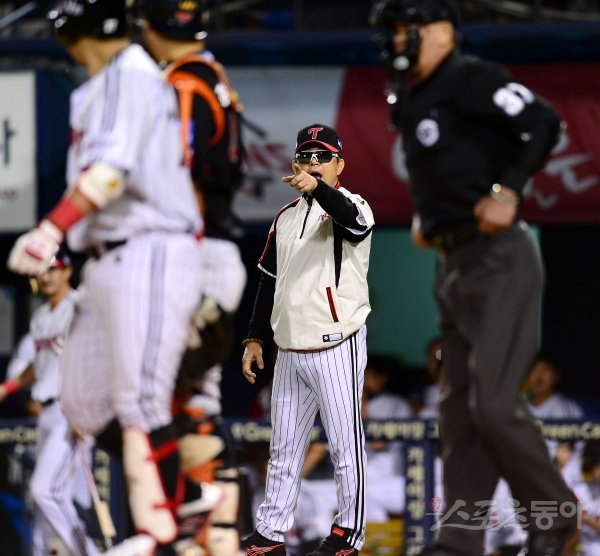 12일 서울 잠실야구장에서 ‘2017 타이어뱅크 KBO 리그’ 롯데자이언츠와 LG트윈스 경기가 열렸다. 3회말 공격을 들어가며 LG 양상문 감독이 선수단을 철수시키고 있다.
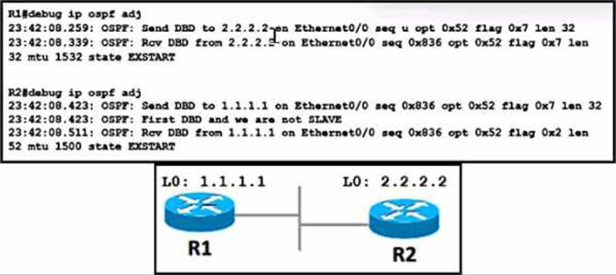 - A . Configure the mtu Ignore command on the Interfaces of R1 and R2
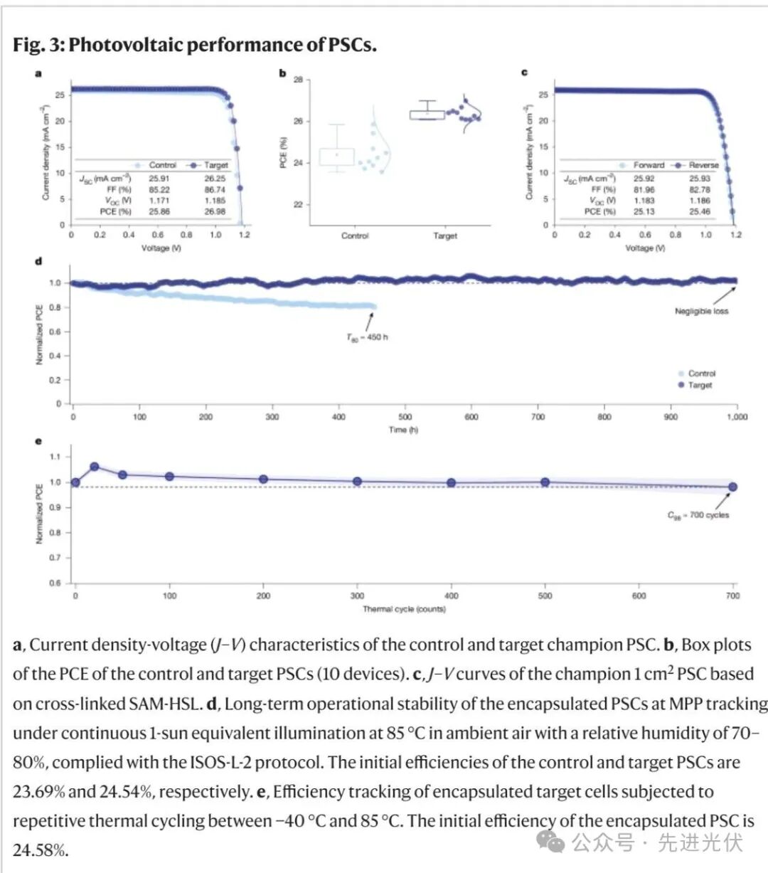 本研究报告了一种前所未有的交联共SAM策略,该策略能够改善SAM分子的分散性及在透明导电氧化物(TCO)基底上更密集组装的构象稳定性;这一方法提升了器件在严苛外部应力下的性能和稳定性。采用这种增强型孔选择层的倒置钙钛矿太阳能电池(PSCs)实现了26.92%的优异认证光电转换效率(PCE)。更重要的是,封装后的器件在85 °C、70-80%相对湿度下进行1,000小时的最大功率点跟踪(MPP)后,初始效率几乎没有衰减。此外,在经历了700次-40 °C至85 °C之间的反复热循环后,器件能够保持超过98%的初始PCE。这代表了倒置PSCs在加速老化条件下,结合高效率和操作稳定性的最佳报道结果之一。该研究为开发高性能和稳定的基于SAM的倒置PSCs提供了重要的见解,推动其潜在商业化进程,并为其他采用高粗糙度基底的SAM设备提供了解决方案,以扩大其应用范围。
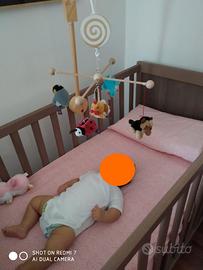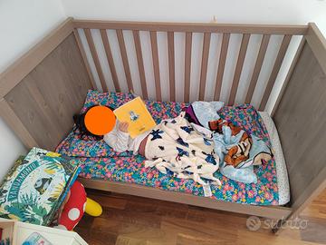 Lettino Ikea modello Sundvik, colore legno effetto rovere. Si tratta di un lettino che cresce insieme al bambino, permettendone l'uso fin dalla nascita (con il materasso rialzato), abbassando il materasso quando comincia a stare in piedi ed eliminando una sponda quando comincia a camminare (il letto è abbastanza basso da permettere l'ingresso e l'uscita in autonomia).
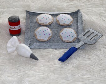 4 Felt Glitter Cookies -- Valentine's Day Felt Cookie, gift for girl, 4 felt cookies for cookie party pretend play, tea set, Valentine party
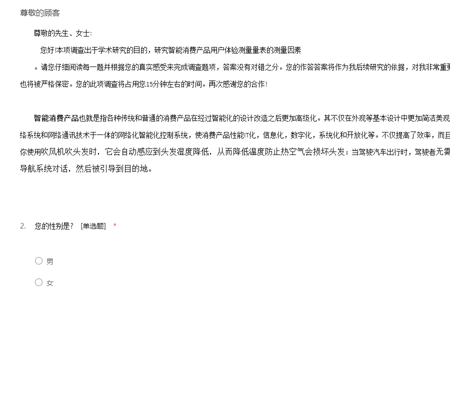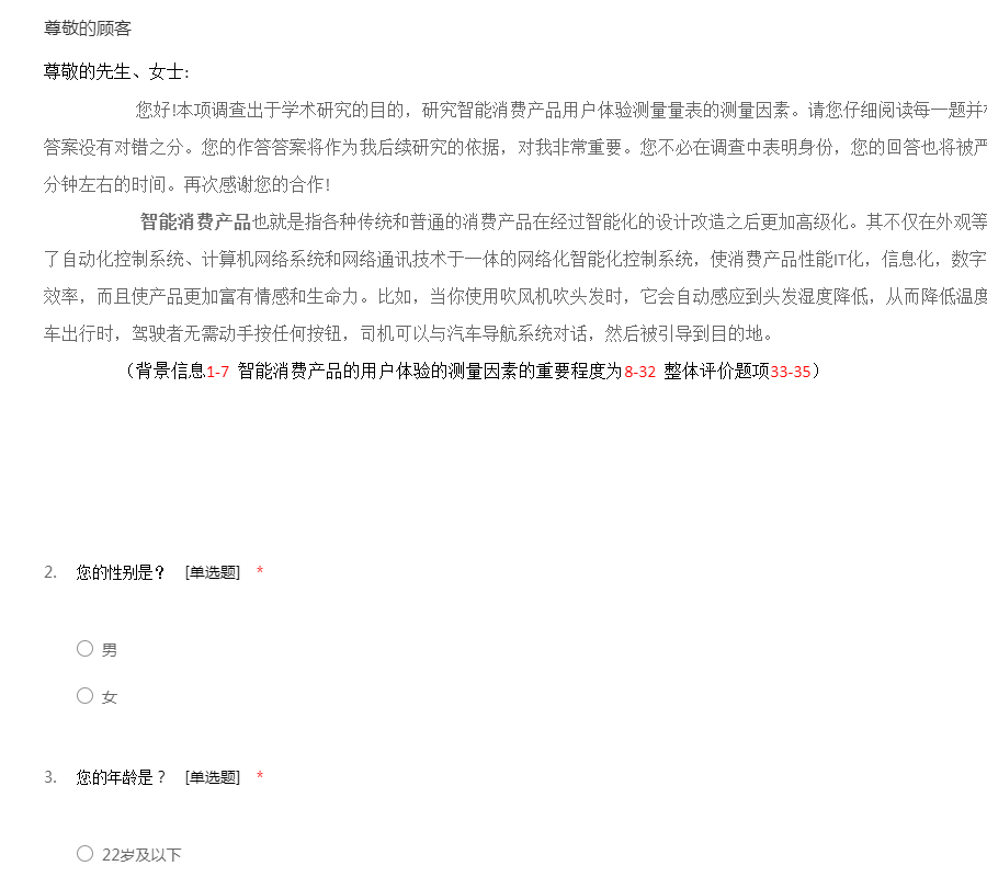 尊敬的先生、女士: 您好!本项调查出于学术研究的目的,研究智能消费产品用户体验测量量表的测量因素。请您仔细阅读每一题并根据您的真实感受来完成调查题项,答案没有对错之分。您的作答答案将作为我后续研究的依据,对我非常重要。您不必在调查中表明身份,您的回答也将被严格保密。您的此项调查将占用您15分钟左右的时间。再次感谢您的合作!
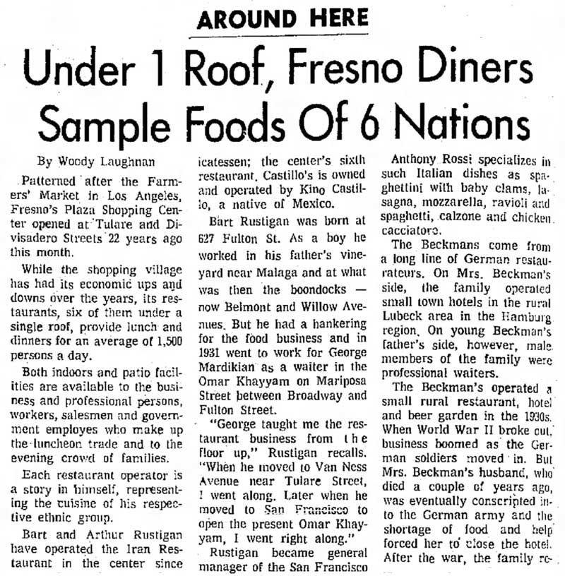 You have to be kind of old to remember this, but before there was an indoor food court at Tulare and Divisidaro (with Dai Ichi and magazine store, etc etc) there was a Mayfair grocery store with an attached pavilion. A covered structure which always made me think of a carnival tent with picnic tables, with all kinds of food vendors. That was in the 60s and that's the place I remember most. They had an Italian sandwich place that rocked. Anyone remember what else was there?

------

Work required: Skipping any pictures, copy the entries exactly as they appear.

Reply:
 12일 서울 잠실야구장에서 ‘2017 타이어뱅크 KBO 리그’ 롯데자이언츠와 LG트윈스 경기가 열렸다. 3회말 공격을 들어가며 LG 양상문 감독이 선수단을 철수시키고 있다.
 - A . Configure the mtu Ignore command on the Interfaces of R1 and R2
 本研究报告了一种前所未有的交联共SAM策略,该策略能够改善SAM分子的分散性及在透明导电氧化物(TCO)基底上更密集组装的构象稳定性;这一方法提升了器件在严苛外部应力下的性能和稳定性。采用这种增强型孔选择层的倒置钙钛矿太阳能电池(PSCs)实现了26.92%的优异认证光电转换效率(PCE)。更重要的是,封装后的器件在85 °C、70-80%相对湿度下进行1,000小时的最大功率点跟踪(MPP)后,初始效率几乎没有衰减。此外,在经历了700次-40 °C至85 °C之间的反复热循环后,器件能够保持超过98%的初始PCE。这代表了倒置PSCs在加速老化条件下,结合高效率和操作稳定性的最佳报道结果之一。该研究为开发高性能和稳定的基于SAM的倒置PSCs提供了重要的见解,推动其潜在商业化进程,并为其他采用高粗糙度基底的SAM设备提供了解决方案,以扩大其应用范围。
 Lettino Ikea modello Sundvik, colore legno effetto rovere. Si tratta di un lettino che cresce insieme al bambino, permettendone l'uso fin dalla nascita (con il materasso rialzato), abbassando il materasso quando comincia a stare in piedi ed eliminando una sponda quando comincia a camminare (il letto è abbastanza basso da permettere l'ingresso e l'uscita in autonomia).
 4 Felt Glitter Cookies -- Valentine's Day Felt Cookie, gift for girl, 4 felt cookies for cookie party pretend play, tea set, Valentine party
 尊敬的先生、女士: 您好!本项调查出于学术研究的目的,研究智能消费产品用户体验测量量表的测量因素。请您仔细阅读每一题并根据您的真实感受来完成调查题项,答案没有对错之分。您的作答答案将作为我后续研究的依据,对我非常重要。您不必在调查中表明身份,您的回答也将被严格保密。您的此项调查将占用您15分钟左右的时间。再次感谢您的合作!
 You have to be kind of old to remember this, but before there was an indoor food court at Tulare and Divisidaro (with Dai Ichi and magazine store, etc etc) there was a Mayfair grocery store with an attached pavilion. A covered structure which always made me think of a carnival tent with picnic tables, with all kinds of food vendors. That was in the 60s and that's the place I remember most. They had an Italian sandwich place that rocked. Anyone remember what else was there?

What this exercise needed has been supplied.